T S Walker scite author profile

The association of Rickettsia prowazeki with L cells was examined by using a novel radioactive assay in which [a-32P]ATP-labeled rickettsiae were incubated with L-cell monolayers. Rickettsial association with the monolayer involved adherence and internalization steps that could be experimentally distinguished. Since R. prowazeki but not L cells possess an ATP-ADP obligate exchange transport system, addition of excess unlabeled ATP resulted in exchange of the labeled ATP from external, adherent rickettsiae but not from internalized rickettsiae. Rickettsial association was temperature dependent and was a linear function of both time and concentration. More than 90% of the biologically active rickettsiae associated with L cells was internalized.
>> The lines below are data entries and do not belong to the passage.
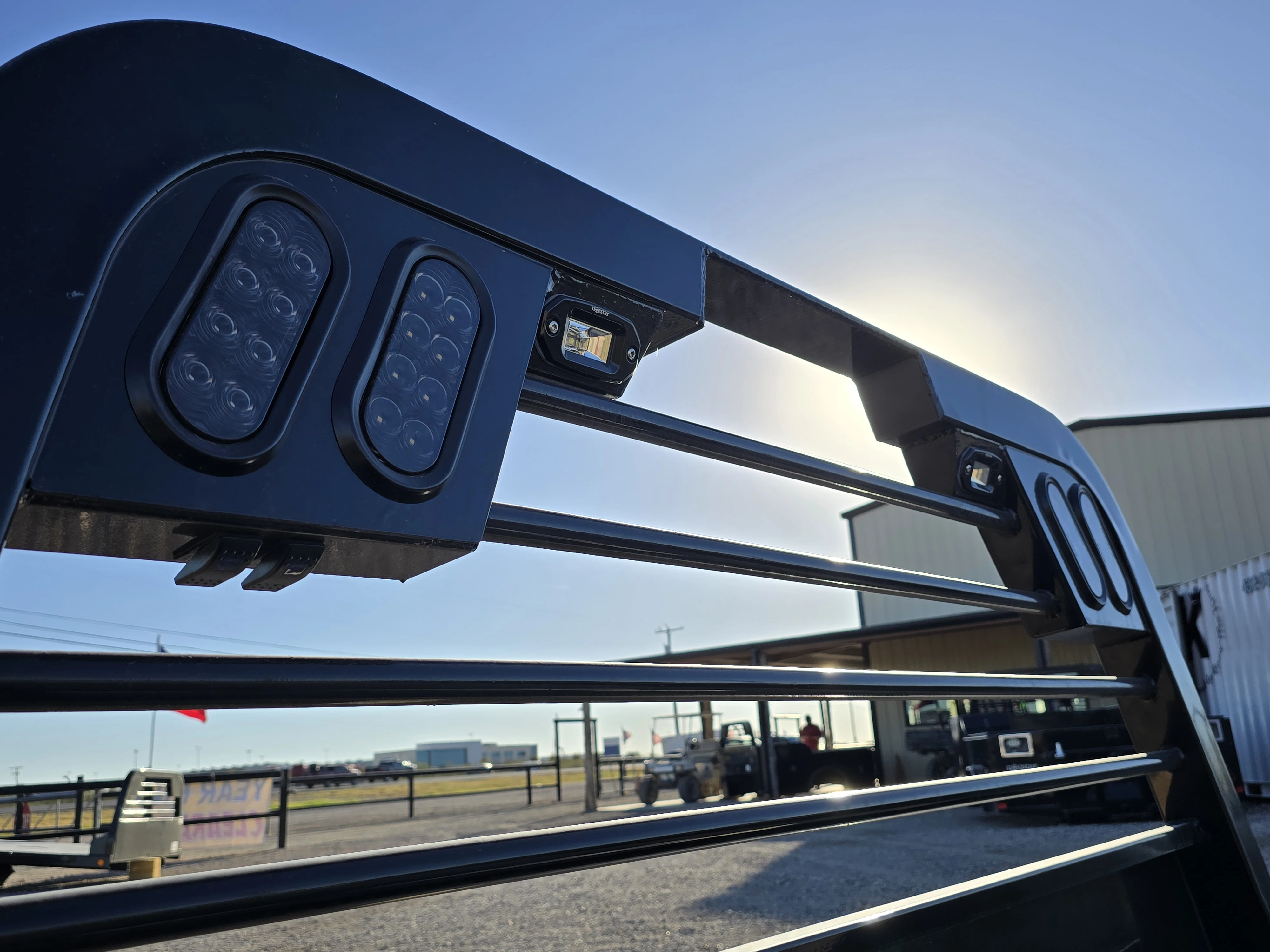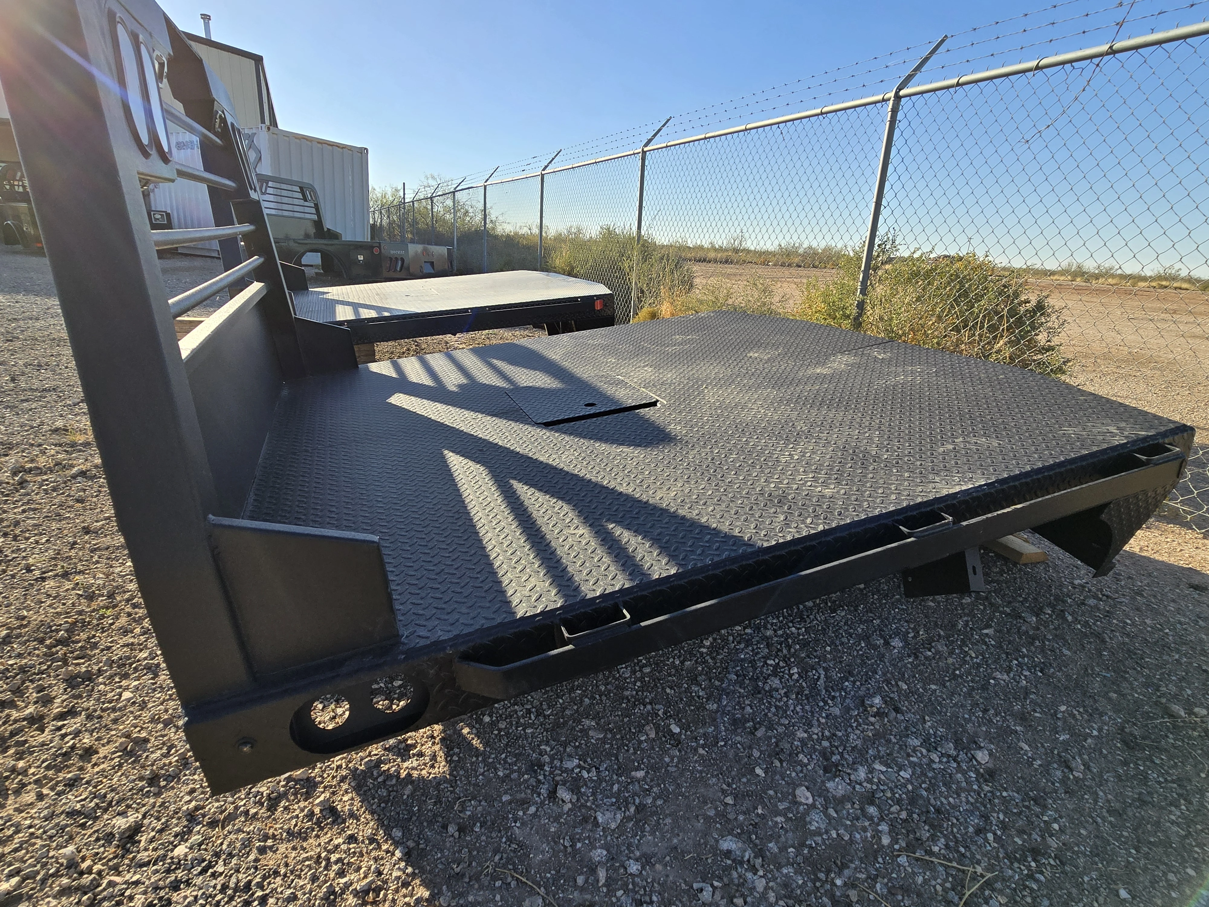 The standard 2.5" receiver allows you to add a hitch for bumper pull cargo and a 2 5/16" gooseneck ball is standard in case you are hauling a heavyweight. Our receivers are lab tested and certified for 18,500 lbs bumper capacity and 30,000 lbs gooseneck capacity. Durable diamond plate construction and powder coat will make this bed your most faithful assistant for years to come. Tapered corners, 7 way plug with 4 way adapter and recessed 2 5/16" ball and receiver hitch give you a towing package standard. Exposed stake pockets and rub rail ensure you have tie down points for any load, plus the LED lights are standard on all SRs. Full 11 gauge skirted rear bumpers finish off every model as an additional standard feature. Dim: 84" x 84" CTA 40". Fits: Ford/Chevy/GMC/Ram Single Wheel Short Bed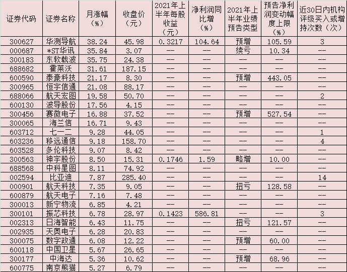 表:8月份以來(lái)漲幅超5%的北斗導(dǎo)航概念股一覽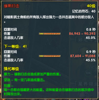 狂暴——重要。蕴藏能量,实际上是增加镰割以后那一次攻击的伤害。刷怪的连续技我喜欢镰割放在第一个,镰割接魔力和暴跳,点右键镰割一直接镰割也行。(好比说设置了三个战技的连续技,只点一下会把这三个战技依次施展,中途点右键,第一战技可以取消后面两个。比如镰割接暴跳,如果敌人不多了,就让暴跳清场,还有很多敌人扎堆就一直镰割好了)。
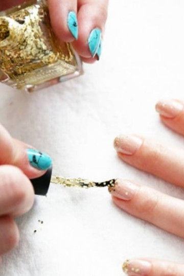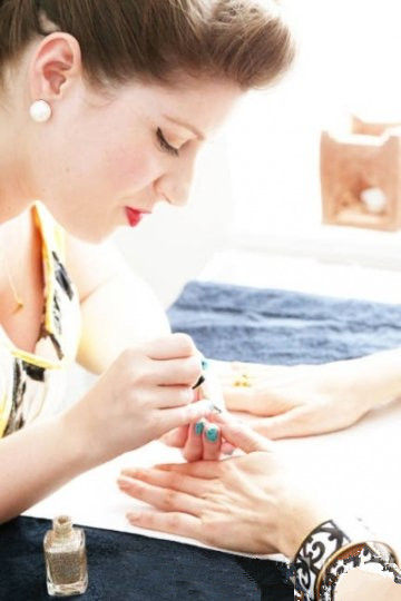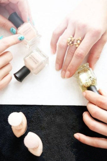 準備好了嗎?我們現(xiàn)在開始吧。 跟隨著Harley Viera-Newton, Alexa Chung 和 Zooey Deschanel這些引領(lǐng)美甲潮流運動的女星們的腳步(是的,我們稱其運動!),裝扮你們的指甲似乎變成很嚴肅的事情。從明星們夜空般漆黑的甲色到碧昂斯那嬰兒藍常春藤般的指甲,如果沒有創(chuàng)意對紐約那些頂尖的美甲師們來說就只能“出局”了。 來自所需的產(chǎn)品:營養(yǎng)底油、裸色甲油、一款細小閃片的金色甲油、一款閃片更大些的金色甲油、護甲亮油。

Rickettsial internalization required active participation of both rickettsiae and L cells; inactivation of either greatly reduced internalization. Rickettsial adherence to poisoned L cells was a saturable function of time and concentration. Adherence showed less temperature dependence than did internalization, but like rickettsial internalization, the extent of adherence was extremely low at 0°C. The rate and extent of adherence by inactivated and native rickettsiae to inactivated L cells were similar. Although inactive rickettsiae adhered to active and inactive L cells to a similar extent, inactive rickettsiae were internalized poorly by active L cells. These data form the basis for the hypothesis that R. prowazeki are internalized by the host cell through a process of "induced phagocytosis" and that inactivated rickettsiae adhere to the host cell differently from native rickettsiae, failing to trigger the endocytosis mechanism.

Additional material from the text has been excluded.